## Requirement
Return exactly, with nothing added, the lines from the one that contains "日替わりランチはお得なワンプレートのワンコインランチ!" through the end of the listing below, pictures excluded.

▶

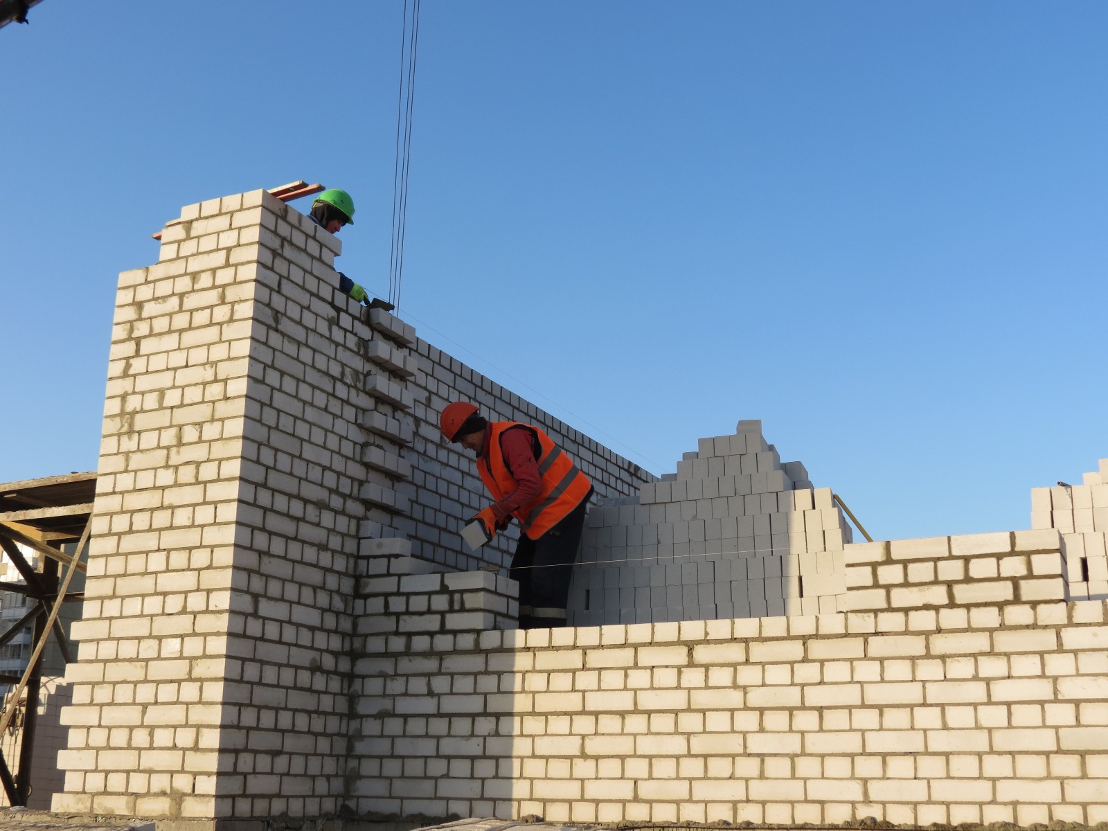В настоящее время на объекте выполняется устройство фундаментов здания, обратная засыпка фундаментов, перекрытие подвала, кирпичная кладка стен и перегородок первого этажа здания, вертикальная планировка территории.
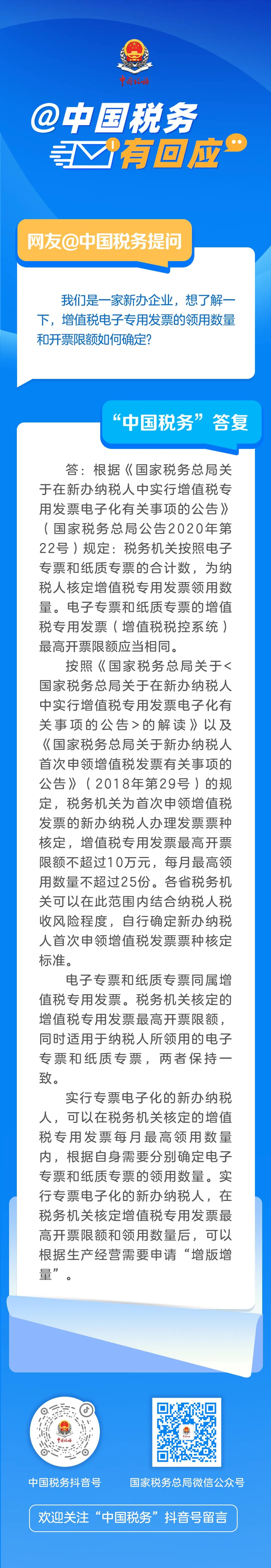 有網(wǎng)友提問:“我們是一家新辦企業(yè),想了解一下,增值稅電子專用發(fā)票的領(lǐng)用數(shù)量和開票限額是如何確定的?”一起來看看回復(fù)吧↓
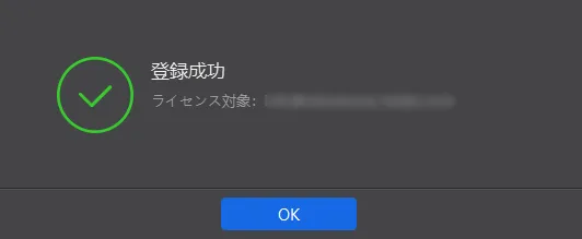 登録成功画面が表示されたら、ライセンス登録完了です。
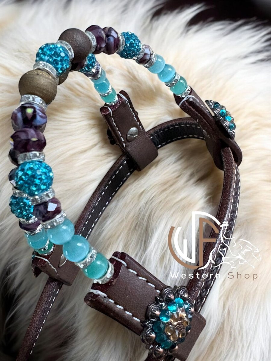 2605 Double Ear Brown – Ear loops & buckle set and conchos Aqua
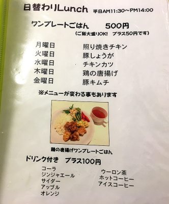 日替わりランチはお得なワンプレートのワンコインランチ!
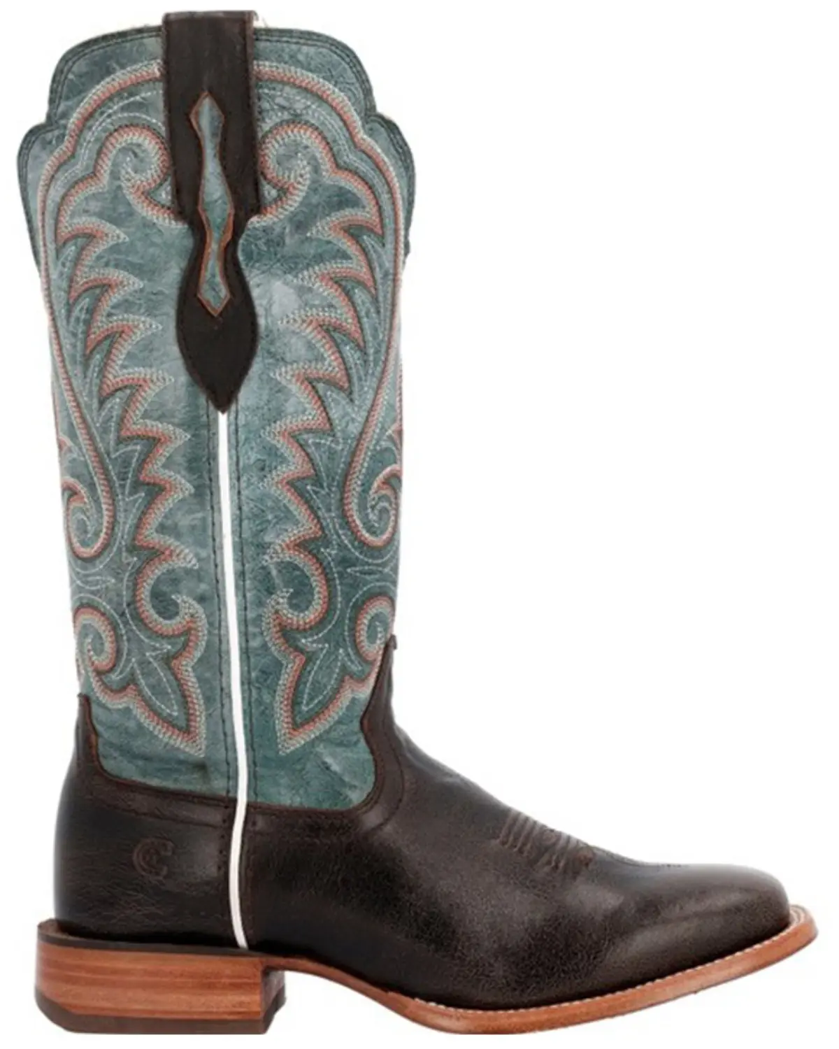 Broad square toe. Pull tabs with inlay. Brown full-grain leather vamp with western stitching. Full-grain leather shaft with multicolor accent western embroidery design. Stockman heel. 13" shaft height. Double-stitched 3/4 Goodyear® welt construction. High-abrasion resistant rubber heel lift. Imported.

◀

## Answer for the task
 日替わりランチはお得なワンプレートのワンコインランチ!
 Broad square toe. Pull tabs with inlay. Brown full-grain leather vamp with western stitching. Full-grain leather shaft with multicolor accent western embroidery design. Stockman heel. 13" shaft height. Double-stitched 3/4 Goodyear® welt construction. High-abrasion resistant rubber heel lift. Imported.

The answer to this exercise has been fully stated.